Junto a los tradicionales turrones y polvorones, en los últimos años se ha introducido con fuerza en España un dulce navideño de origen italiano: el panettone.
Su origen, como el de tantas otras costumbres populares, se pierde entre historias que van recorriendo los siglos. Una de las hipótesis más probables, según publica el número de diciembre de la revista Arautos do Evangelho, nos remite a finales del siglo XV, a los tiempos del célebre Ludovico Sforza (14521508), también llamado El Moro, en los tiempos en que fue Duque de Milán (14941500) y gobernó la ciudad embelleciéndola y fortificándola, y ganando para ella la primacía sobre otros estados italianos, hasta que las triquiñuelas de la diplomacia que tan finamente había manejado en sus tiempos de gloria se volvieron contra él, y pasó en la cárcel los años desde su deposición en el cabo de siglo hasta su muerte.
Pero cuando aún gozaba de todo su poder, celebró la Nochebuena con una gran cena en la corte, una de las más refinadas de Europa, y en particular por su cocina. Aquel año, el cocinero jefe decidió sorprender a todos con un dulce cuya receta habían traído de Oriente los venecianos.
Entre los fogones reinaba la alegría navideña, sólo rota por un joven pinche recién llegado de la campiña lombarda, a quien se veía melancólico y triste echando de menos la Navidad de su casa paterna, pobre pero donde vivían en armonía y amor familiar.
Como forma de combatir la nostalgia, decidió preparar un pan especial como los que hacía su madre para celebrar la llegada del Niño Dios. Pero como no tenía los ingredientes necesarios, recurrió a las sobras de la delicia que había ideado el jefe de cocina.
Sucedió entonces un imprevisto. Ocupado en mil menesteres para mantener contentos a los augustos invitados del duque, el cocinero jefe olvidó en el horno su misteriosa sorpresa. Cuando se quiso dar cuenta, ya era tarde: el pastel se había quemado justo cuando llegaba la hora del postre. El día de su triunfo se iba a transformar en un fracaso estrepitoso y sonado, tales eran las promesas que había hecho a Ludovico Sforza sobre lo que le aguardaba. Se echó a llorar.
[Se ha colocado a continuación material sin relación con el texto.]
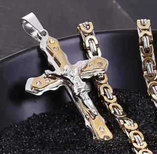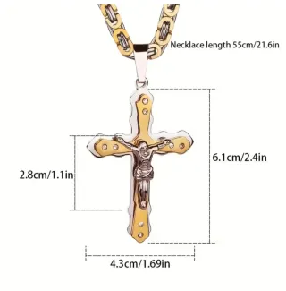 Elegante conjunto de colgante de cruz y cadena para hombre. - Colgante de cruz con detalles en dorado y plateado. - Figura de Jesucristo en relieve. - Cadena tipo bizantina con eslabones dorados y plateados. - Fabricado en acero inoxidable.

Entonces el joven pinche lombardo se le acercó y le ofreció lo que él había preparado para consolarse. Enseguida el cocinero jefe reparó en la elegancia de aquellos panes de forma cilíndrica, asetados en la copa, de maravilloso perfume, trufados de frutas cristalizadas, apuntaban a un sabor no menos notable.
Era un riesgo jugársela ante El Moro con aquel pastel preparado por un desconocido ayudante, pero... la alternativa era peor. El jefe de cocina optó por sacarlo a la mesa en bandejas de plata.
La vista del pan ya gustó a la concurrencia, no menos que su perfume. Pero cuando lo probaron... el éxito sí que fue completo.
El Duque llamó a su presencia al autor del plato, y el jefe, honesto, mandó al pinche.
-¿Cómo te llamas? -le preguntó el gran Ludovico.
-Toni -respondió.
-Así que éste es entonces... il Pane Toni [el pan de Toni] -bromeó, felicitándole efusivamente.
Y ordenó que para la Navidad del año siguiente se preparasen otros iguales y en mayor cantidad. Había nacido, en los fogones de uno de los príncipes renacentistas por excelencia, mecenas de Leonardo da Vinci, por obra de un campesino de quien poco sabemos más que su nombre de pila, el dulce que da tono a estas fiestas en Italia y, progresivamente, en todo el mundo.